= Asymptotic computational complexity =

Measurement of computational complexity

In computational complexity theory, asymptotic computational complexity is the use of asymptotic analysis for the estimation of the computational complexity of algorithms and computational problems, commonly associated with the use of the big O notation.

==Scope==
With respect to computational resources, asymptotic time complexity and asymptotic space complexity of computational algorithms and programs are commonly estimated. Other asymptotically estimated behavior include circuit complexity and various measures of parallel computation, such as the number of (parallel) processors.

Since the ground-breaking 1965 paper by Juris Hartmanis and Richard E. Stearns and the 1979 book by Michael Garey and David S. Johnson on NP-completeness, the term "computational complexity" (of algorithms) has become commonly used to refer to asymptotic computational complexity.

Further, unless specified otherwise, the term "computational complexity" usually refers to an upper bound for the asymptotic computational complexity of an algorithm or a problem, which is usually written in terms of the big O notation, e.g. $O(n^3).$ Other types of (asymptotic) computational complexity estimates are lower bounds ("big omega" notation; e.g., Ω(n)) and asymptotically tight estimates, when the asymptotic upper and lower bounds coincide (written using the "big theta"; e.g., Θ(n log n)).
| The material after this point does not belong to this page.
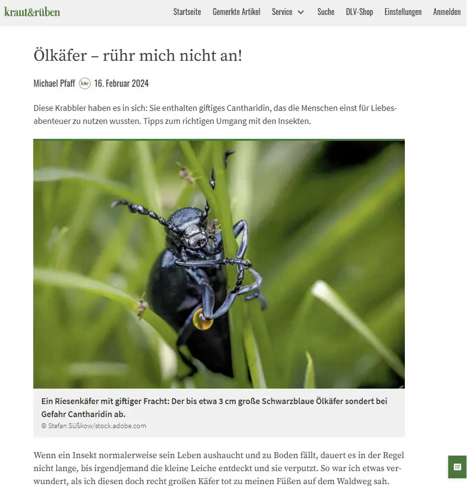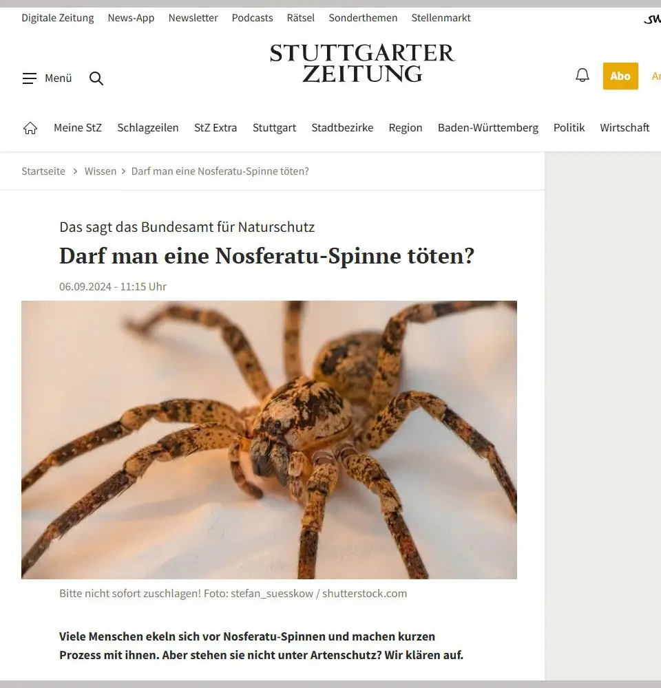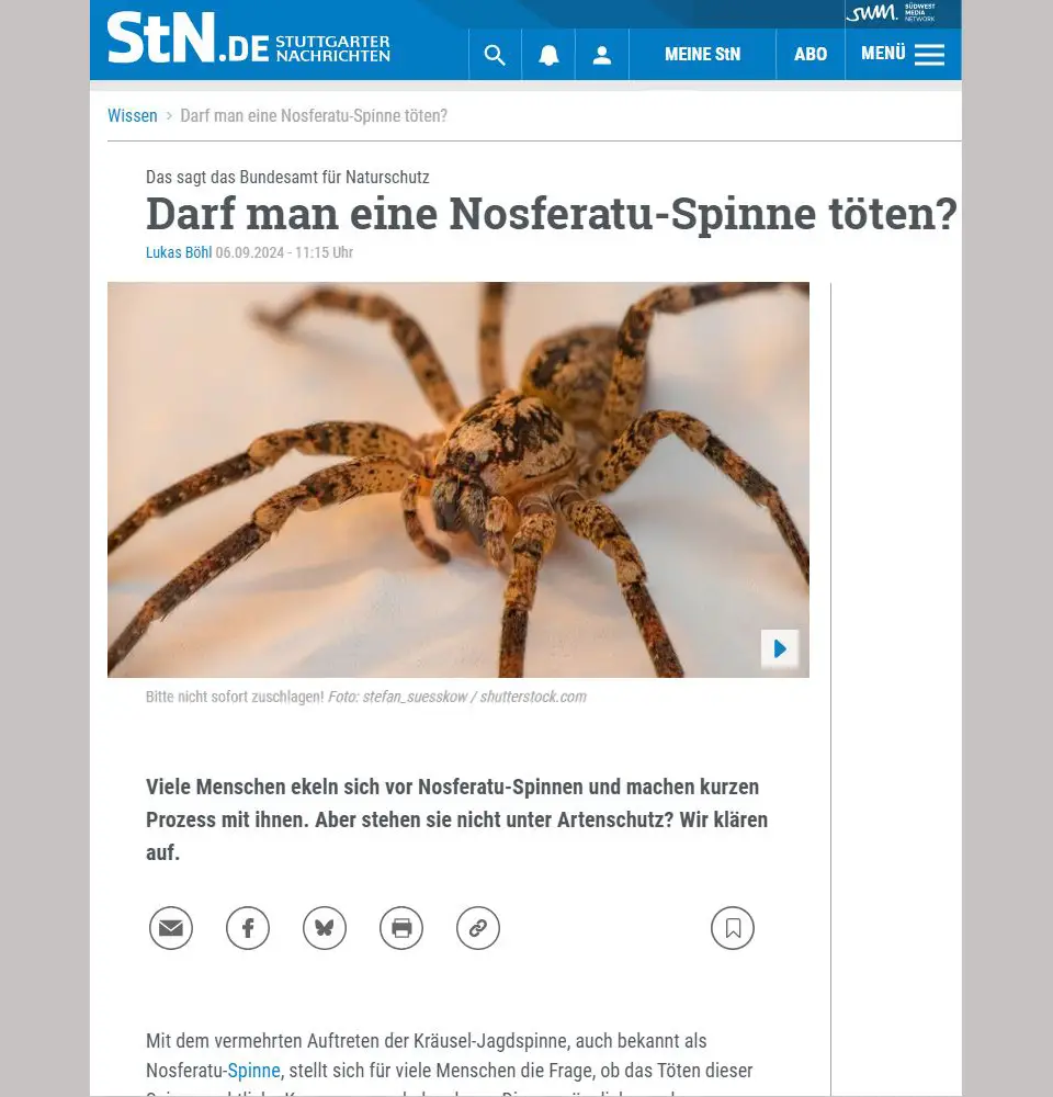 GEO.de Eichelbohrer mikefrenchcreative.co.uk Ölkäfer Magazin kraut & rüben Ölkäfer Stuttgarter-Nachrichten Nosferatu-Spinne Stuttgarter-Zeitung Nosferatu-Spinne Regierungspräsidium Nosferatu-Spinne housedigest.com Nosferatu-Spinne shop dobar Nosferatu-Spinne

A further tacit assumption is that the worst-case complexity is in question unless stated otherwise. An alternative approach is probabilistic analysis of algorithms.

==Types of algorithms considered==
In most practical cases deterministic algorithms or randomized algorithms are discussed, although theoretical computer science also considers nondeterministic algorithms and other advanced models of computation.